Vol. 1, No. 8 - August 2010

North Korean infiltration vessel (“mother ship”) attempting to escape from Japan Coast Guard vessels. The stern clamshell doors enclosing the “wet well” are just visible as vertical lines on either side of the hull.  (Japan Coast Guard)

Articles in this issue include,

"KPA Engineer River Crossing Forces," by Joseph S. Bermudez Jr.

In any future war on the Korean Peninsula one of the underlying principles of the North Korean Army's offensive strategy is speed—known variously as the “one-blow-non-stop-attack” or “Occupying South Korea, All the Way to Pusan, in Three Days.” A critical element in this offensive strategy is the army’s ability to both rapidly cross numerous river systems and protect its lines of communications which, from necessity, must cross numerous additional river systems. To address this crucial aspect of its strategy the KPA deploys one of the world’s largest engineer river crossing (ERC) forces consisting of approximately 12,000-18,000 troops equipped with approximately 2,200 S-type pontoon bridging sections, 760 K-61 and other specialized equipment. This article contains three organizational charts and four photographs. This article builds upon the articles concerning the North Korean Army's engineer river crossing capabilities during the Korean War which was presented in Vol. 1, Nos. 1-3, 5 and 7.

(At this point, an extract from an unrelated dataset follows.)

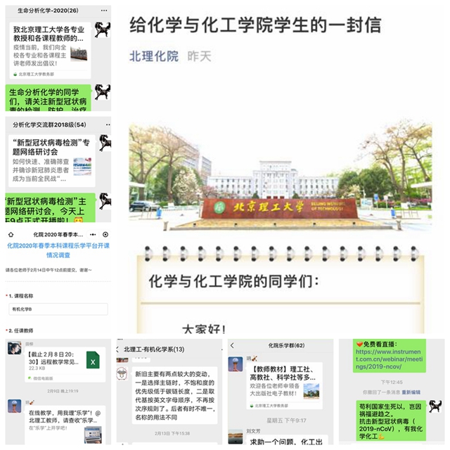 2月4日,學校發布了《關于推遲2020年春季學期開學時間的通知》,學院積極響應,根據學校疫情防控教學專項會議精神,成立以院長書記為組長、教學院長和學生工作副書記為副組長的“化學與化工學院教學質量保障組”,負責落實本學期的教學方案和教學過程的實施情況,確保疫情防控期間本科教學的順利進行與高質量教學效果。建立了學院樂學微信群,及時討論、學習樂學平臺線上課程的準備以及解決相應的問題,并在群里發布問卷星調查表,隨時掌握課程進度和問題;目前,學院除9門需要在實體實驗室進行的實踐類課程外,全部理論課程(共計29門)已經按照教學計劃在樂學平臺上建課,主講教師應用多種信息化資源,錄制帶音頻的PPT、使用MOOC、SPOC等網上優質教學資源,以多種教學模式結合來準備網絡授課;同時,在樂學平臺基礎上,各課程還建立課程微信群、慕課堂等,特別加強與學生互動,督促調動學生學習主動性。《給化學與化工學院學生的一封信》在開課前推送給所有學生,提醒學生主動參與網絡教學,齊心協力,完成現階段遠程教與學。

"A Look Inside a DPRK 'Mother Ship'," by Joseph S. Bermudez Jr.

On 22 December 2001 Japan Coast Guard (JCG) vessels identified, pursued and ultimately sunk a North Korean Infiltration vessel (a.k.a., "Mother Ship" or "Spy Ship"). Following extended diplomatic talks with China the JCG conducted a salvage operation in September 2002, raised the vessel (the interception and salvage operations are covered in Vol. 1, No. 1). The recovery operation and subsequent public displays have provided the best open source details on this interesting class of vessels. This article is a photo essay of eleven color photographs detailing the unique internal "wet well" of the salvaged infiltration vessel.

"Correction: BTR-60 in KPA Service," by Joseph S. Bermudez Jr.

A small correction concerning last issue’s BTR-60 article submitted by Mr. Alex van Riezen,

Additional Material

Editor’s Notes and detailed Endnotes are also provided.